Boston Wilson appears in the High Court at Auckland charged with the murder of 10-month-old Chance Kamanaka O Ke Akura Aipolani-Nielson (inset) in Birkdale in 2021. Photo / Jason Oxenham
Steve Braunias sat through the second week of the trial of a man accused of murdering a 10-month-old baby.
WARNING: GRAPHIC CONTENT
There is an empty chair in the middle of the back row of the jury in courtroom 13, upstairs in the High Court at Auckland, in the trialof a man accused of murdering a baby. It’s a vacant lot which operates as a silent, constant reminder of anguish at the death of Chance Aipolani-Nielson, aged 10 months.
One of the jurors was excused from duty on Monday after being reduced to tears. Next week, the remaining 11 will be tasked with determining the verdict for Boston Liam Wilson, 23, who has only ever been described in the trial by people who know him as decent, gentle, protective.
“One of the most severe brain injuries I’ve ever seen,” said a paediatric radiologist. Another medical expert called by the prosecution, a Scottish neuropathologist appearing on video link from his home in Edinburgh, was asked whether something had happened to Chance to cause a cardiovascular collapse. Yes, he said. What was that, he was asked. “The skull fracture”, he said, speaking in a broad Scottish accent, “tells us that the head has clearly bashed against something.”
Police arrested and charged Wilson with murder. He is pleading not guilty. There are undisputed facts. The baby was home alone with his uncle at a house in Birkdale on Auckland’s North Shore on December 15, 2021. Chance suffered blunt force trauma to his head. He died two days later at Auckland’s Starship hospital. Scans of his fractured skull showed a 3cm depression. Other imaging showed a massively swollen brain.
The when and where it happened is also undisputed but the most crucial issue — what actually happened, and how it actually happened — has occupied the central argument in courtroom 13.
There have been references to Chance having been “thrown”; other times they said he was “struck”.
On Wednesday morning, in this second week of the trial, the defence gave a kind of preview of what they claimed happened, when Wilson’s lawyer, Phil Hamlin, put three scenarios to the Scottish neuropathologist, Professor Colin Smith, sitting in a room at his house in Edinburgh at close to midnight his time.

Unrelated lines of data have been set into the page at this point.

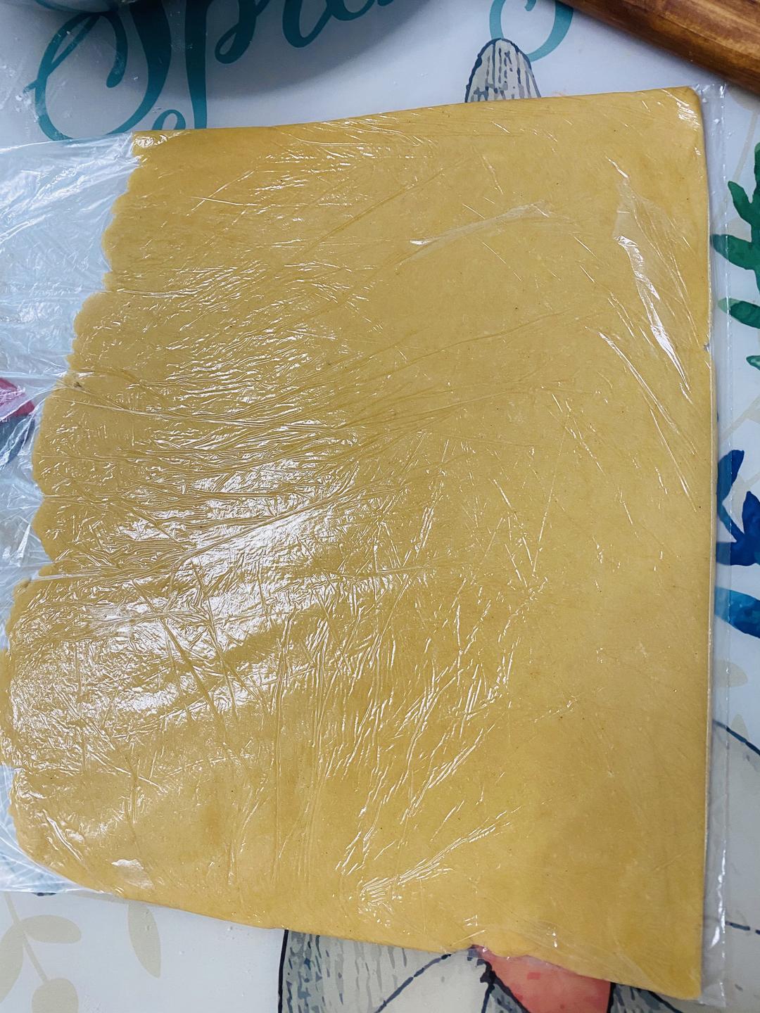 分成两份,分别放在两个保鲜袋里擀平,放入冰箱冷冻10分钟。 厚度3-4mm适中,烤好后会变厚一些。 如果喜欢更脆可以薄一些,注意缩短烘烤时间,以免烤糊。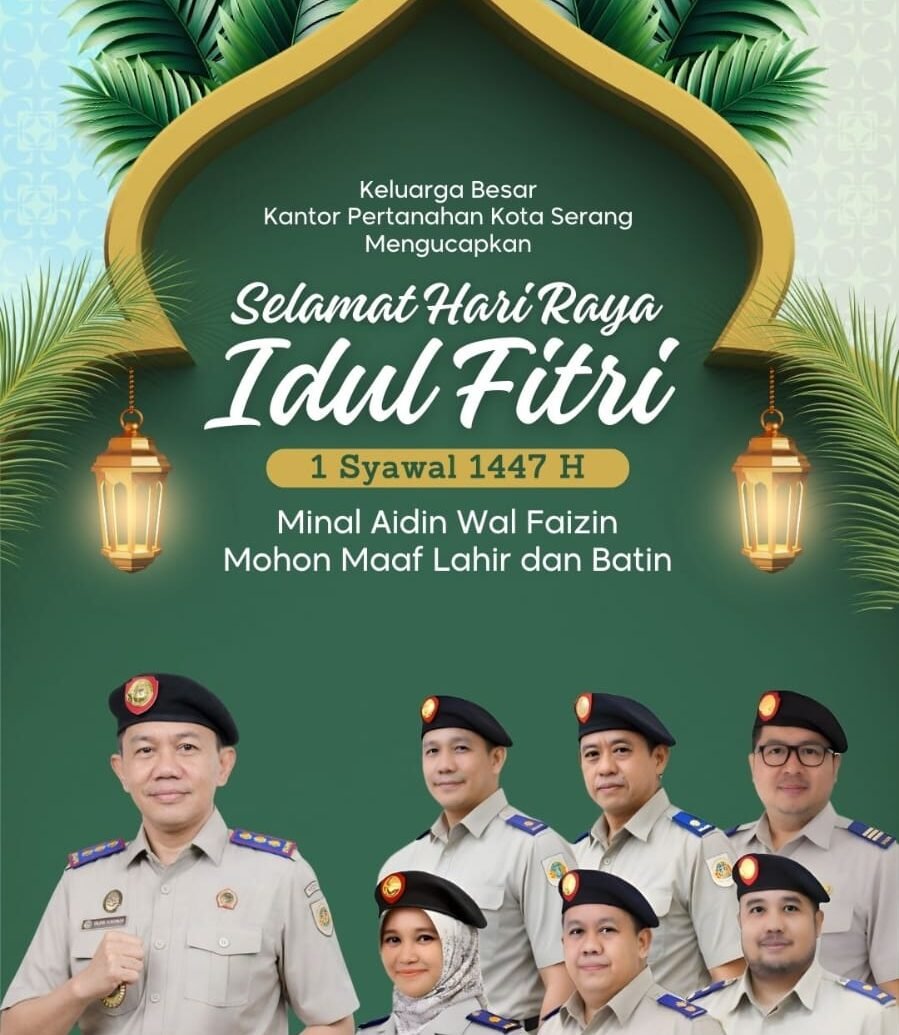 Penaindonews.com, kota serang, – Keluarga Besar Kantor Pertanahan Kota Serang dan segenap jajaran mengucapkan Selamat Hari Raya Nyepi Tahun Baru Saka 1948 bagi Umat Hindu, dan Selamat Hari Raya Idul Fitri 1447 Hijriah bagi Umat Muslim. Minal Aidin Wal Faizin, Mohon Maaf Lahir dan Batin.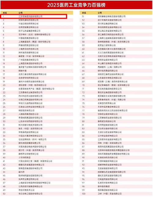 2023医药工业竞争力百强榜发布,bb贝博Ballbet位列榜首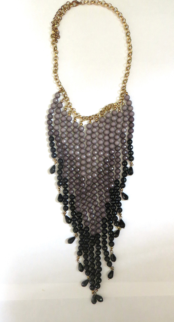 This waterfall necklace is comprised of various shades of purple acrylic beading, colored ombre style. Connected with gold toned chain. Lobster clasp closure.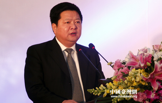 國臺辦主任助理、中國互聯網協會海峽兩岸互聯網交流委員會主任委員龍明彪在開幕式上致辭。(中國臺灣網 趙輝 攝)

“I’m going to outline three events to you,” Hamlin said to Smith. The professor listened as Hamlin outlined the first scenario of the defendant accidentally dropping the baby, who hit his head on a table as he fell.
Hamlin: “Is that likely to cause damage to the child?”
Smith: “There’s a potential that could cause a skull fracture.”
The second scenario was that after the baby hit his head, and was not responding, the defendant held him under his armpits and shook him for 5-10 seconds in a desperate attempt to revive him.
Hamlin: “Could a severe shaking cause the pattern of pathology?”
Smith: “There are cases of shaking a baby to death. Yes.”
The third scenario was that after the baby hit his head, and the defendant shook him for 5-10 seconds, he left the room in a panic and accidentally struck the baby’s head against a doorframe.
Hamlin: “Is that striking a possible cause of any form of fracture or brain damage?”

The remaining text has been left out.